YOUR TASK | Produce a faithful copy of the data, one that leaves out the pictures.

RECORDS |
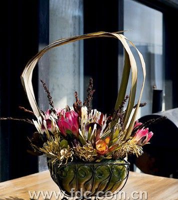 俏麗多姿的孔雀正開屏顫動,這組花藝帶給人動感的想象。 花材:帝王花、紅瑕、菲利卡、杰斯塔、星點木、跳舞蘭、八角金盤 制作:左邊以杰斯塔、紅瑕做放射式結構,右邊配合八角金盤形成不對稱放射式。中心以帝王花為焦點,點綴穿插一些星點木,右下方則點綴地插入跳舞蘭。 7)高粱之秋
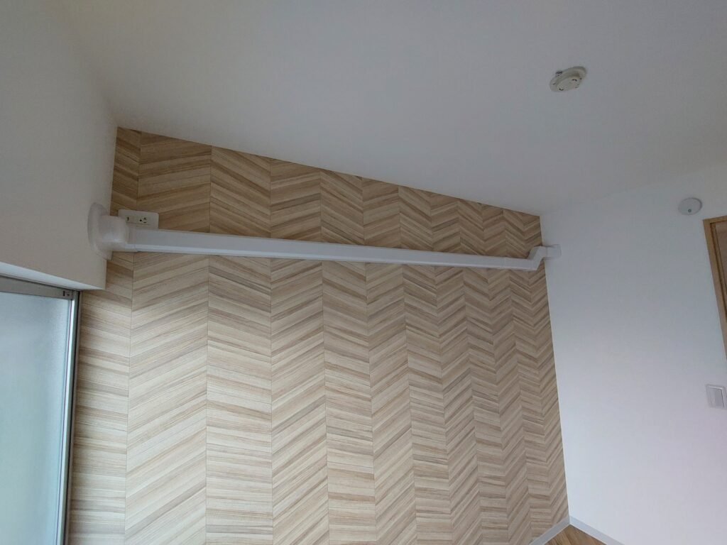 室内機を設置した位置から1部屋挟んでの設置となる為、部屋内を配管が横断しています。
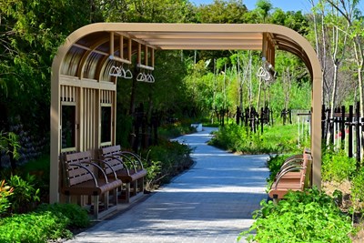圖說:后里泰安周邊景觀設施改善工程-火車造型休憩花架。(觀旅局提供)
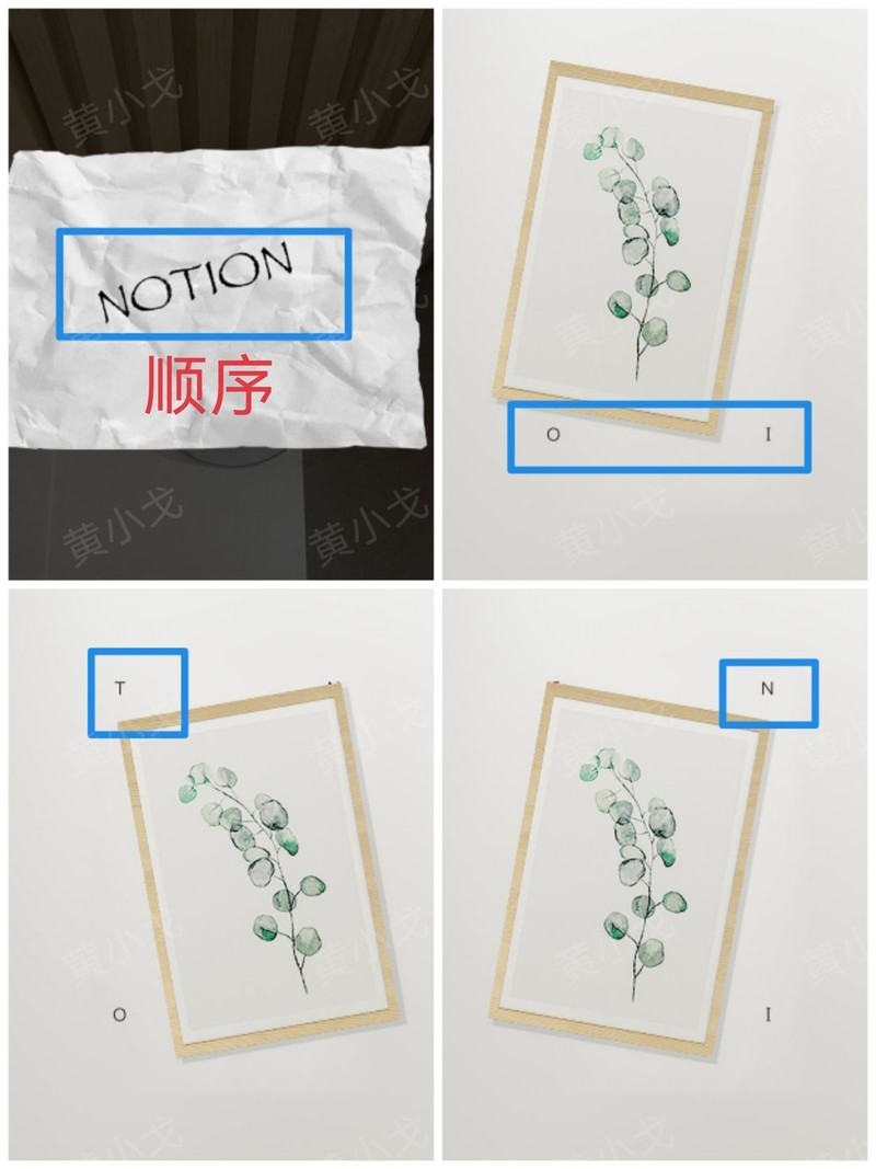 纸团上的字母写着NOTION,暗示着某种顺序。
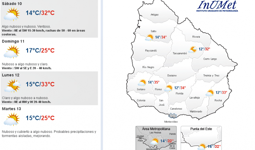 Viento : NE al SW 15-30 km/h, rachas de 50 - 60 en áreas costeras.
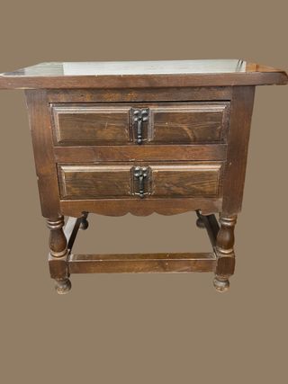 Conjunto de dos mesitas de noche de madera con un diseño clásico. - Tiradores metálicos ornamentados. - Patas torneadas. - Frontales de cajón con moldura.
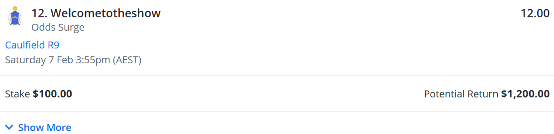 For my Week 47 bet, I’ve had $100 on Welcometotheshow @ $12.
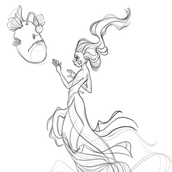 A sketch of the new #mermaid I'm working on. Do you think the mermaid is right to approach the lantern fish ? I'm not sure, he does not look friendly... #mermay #oc #sketch #doodle #art #illustration instagr.am/p/CdYVZRNjRMP/
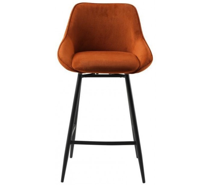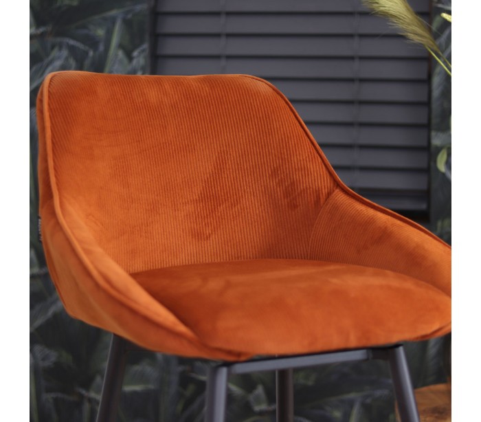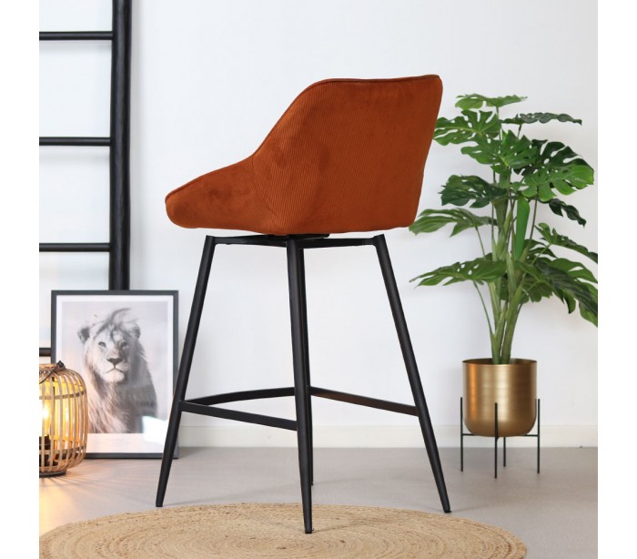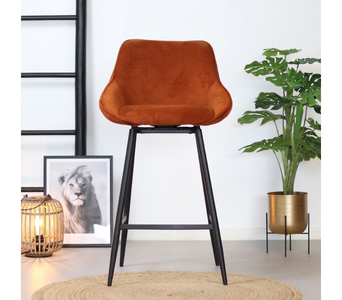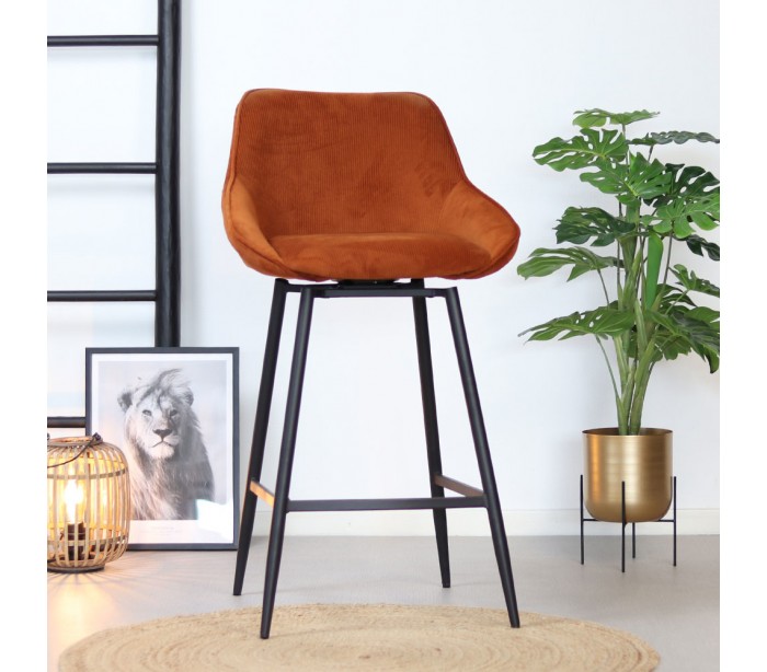 Luna rotérbar barstol i et moderne design, fremstillet med sæde i kobberfarvet ripcurl (bølget velour) og stel i sortlakeret metal. Stolen måler 96 cm i højden over ryggen og med siddehøjde på 70 cm. Betrækket er med martindale 40.000 og er vandafvisende, som gør stolen særligt anvendelig til restaurationer/spisesteder.
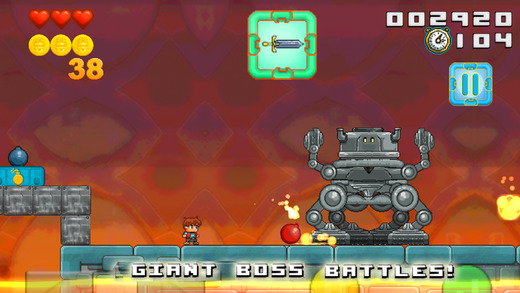 Come nel più classico dei platform game, il giocaotre dovrà attraversare livelli pieni zepi di nemici, ostacoli e trappole da schivare, potendo utilizzare un collaudato schema di controllo. Sulla parte bassa dello schermo, infatti, sono presenti le frecce direzionali per spostare il personaggio, mentre altri due pulsanti virtuali consentono di effettuare il salto e di attaccare. Il protagonista sarà equipaggiato da una classica spada, anche se con il progredire nei livelli saranno disponibili armi più potenti e power up da acquistare nello shop virtuale: archi, frecce, bombe, boomerang e perfino spade magiche. Insomma, l’armamentario richiama alla memoria capolavori come Zelda. Di certo la longevità non è paragonabile a quest’ultima produzione, ma in ogni caso i 64 livelli proposti rappresentano una buona media all’interno del panorama iOS.

EXPECTED ANSWER |
 俏麗多姿的孔雀正開屏顫動,這組花藝帶給人動感的想象。 花材:帝王花、紅瑕、菲利卡、杰斯塔、星點木、跳舞蘭、八角金盤 制作:左邊以杰斯塔、紅瑕做放射式結構,右邊配合八角金盤形成不對稱放射式。中心以帝王花為焦點,點綴穿插一些星點木,右下方則點綴地插入跳舞蘭。 7)高粱之秋
 室内機を設置した位置から1部屋挟んでの設置となる為、部屋内を配管が横断しています。
圖說:后里泰安周邊景觀設施改善工程-火車造型休憩花架。(觀旅局提供)
 纸团上的字母写着NOTION,暗示着某种顺序。
 Viento : NE al SW 15-30 km/h, rachas de 50 - 60 en áreas costeras.
 Conjunto de dos mesitas de noche de madera con un diseño clásico. - Tiradores metálicos ornamentados. - Patas torneadas. - Frontales de cajón con moldura.
 For my Week 47 bet, I’ve had $100 on Welcometotheshow @ $12.
 A sketch of the new #mermaid I'm working on. Do you think the mermaid is right to approach the lantern fish ? I'm not sure, he does not look friendly... #mermay #oc #sketch #doodle #art #illustration instagr.am/p/CdYVZRNjRMP/
 Luna rotérbar barstol i et moderne design, fremstillet med sæde i kobberfarvet ripcurl (bølget velour) og stel i sortlakeret metal. Stolen måler 96 cm i højden over ryggen og med siddehøjde på 70 cm. Betrækket er med martindale 40.000 og er vandafvisende, som gør stolen særligt anvendelig til restaurationer/spisesteder.
 Come nel più classico dei platform game, il giocaotre dovrà attraversare livelli pieni zepi di nemici, ostacoli e trappole da schivare, potendo utilizzare un collaudato schema di controllo. Sulla parte bassa dello schermo, infatti, sono presenti le frecce direzionali per spostare il personaggio, mentre altri due pulsanti virtuali consentono di effettuare il salto e di attaccare. Il protagonista sarà equipaggiato da una classica spada, anche se con il progredire nei livelli saranno disponibili armi più potenti e power up da acquistare nello shop virtuale: archi, frecce, bombe, boomerang e perfino spade magiche. Insomma, l’armamentario richiama alla memoria capolavori come Zelda. Di certo la longevità non è paragonabile a quest’ultima produzione, ma in ogni caso i 64 livelli proposti rappresentano una buona media all’interno del panorama iOS.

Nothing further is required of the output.